Kolejne wyliczenie – za 39 złotych dostajemy only nielimitowane połączenia i SMSy i MMSy oraz 13 GB danych.

Porównywalny abonament mamy w opcji T2: nielimitowane połączenia i wiadomości, oraz 10 GB danych (przy czym realnie dzięki serwisom nie obciążającym pakietu starcza on na odczuwalnie dłużej; u mnie np. Facebook od początku miesiąca zużył 1,32 GB, TIDAL 2,05 GB, Twitter i WhatsApp łącznie ok 0,5 GB). Do tego chmura za darmo, dwie ekstra karty do data sharingu itd.

liczenie:

39 zł (koszt porównywalnego abonamentu u konkurencyjnego operatora) x 24 mce + 3 350 (koszt urządzenia) = 4 285 zł (TCO dwuletniego „kontraktu”)
79,95 (abonament w T2) x 24 mce + 2 249 zł (opłata na start) = 4 167 zł (TCO dwuletniego kontraktu)
Łamiąca wiadomość – niestety nie jest drożej.
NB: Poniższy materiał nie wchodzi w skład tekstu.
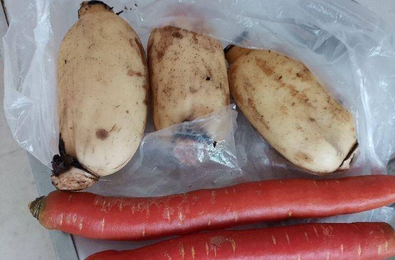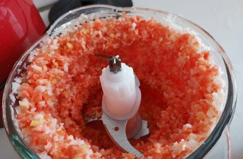 步骤三、萝卜用清水洗净,用刀切成小块放入绞肉机里,再用手把绞碎的胡萝卜捏干水分后放入汤盆里。
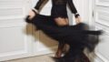 ファッションの詳細は、シュミーズの繊細な生地とレザーのコントラストが印象的です。色調はダークで、ブラック中心です。スタイルはセクシーで、ボディラインを強調します。アクセサリーは最小限です。ポーズはダイナミックで、表情は魅力的です。設定は屋内で、柔らかな照明がムードを高めています。背景にテキストがあり、投稿の統一感を保っています。
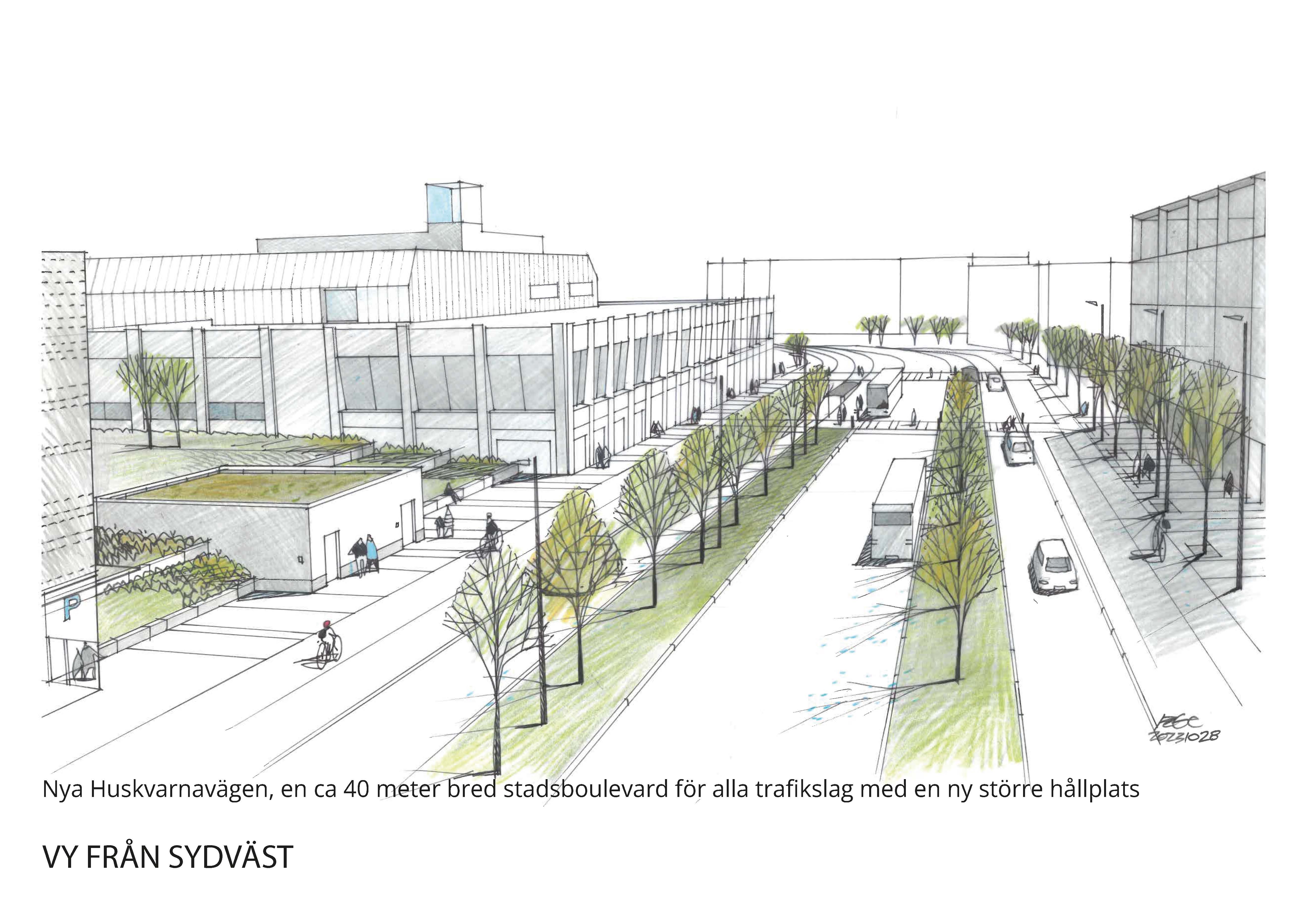 Nej, Huskvarnavägen inkluderas inte i det område som det här detaljplaneförslaget omfattar. I planförslaget finns dock skisser på Huskvarnavägen med, som visar hur gatan skulle kunna se ut i framtiden. För att kunna planera hur nya Rosenlundsbadet ska se ut har stadsbyggnadskontoret tittat på helheten för Rosenlund. I kommunens översiktsplan pekas Rosenlundsområdet ut som en så kallad blandstad med kvartersbebyggelse i framtiden – en innerstadsmiljö med flervåningshus och en stadsgata som innebär en bred gata som tillåter både bil- och kollektivtrafik och gång- och cykelväg och grönska.
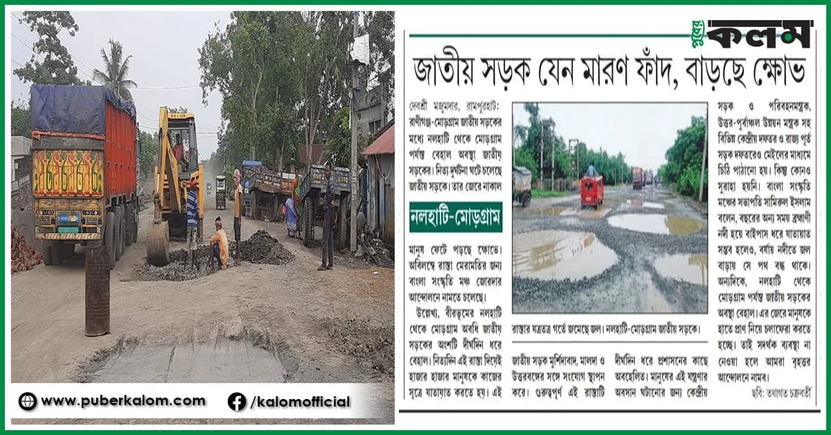 পুবের কলমের খবরের জের,জাতীয় সড়ক সারাই শুরু

Właściwie to jest nawet taniej, a już zupełnie taniej jest dla przenoszących, bo wówczas nasze osławione TCO wynosi 3 694 zł (czyli 590 zł mniej).

niby dziś #blackfriday ale w sumie to jak to policzyliśmy to u nas smartfony warto kupić na co dzień – konkluduje T-Mobile.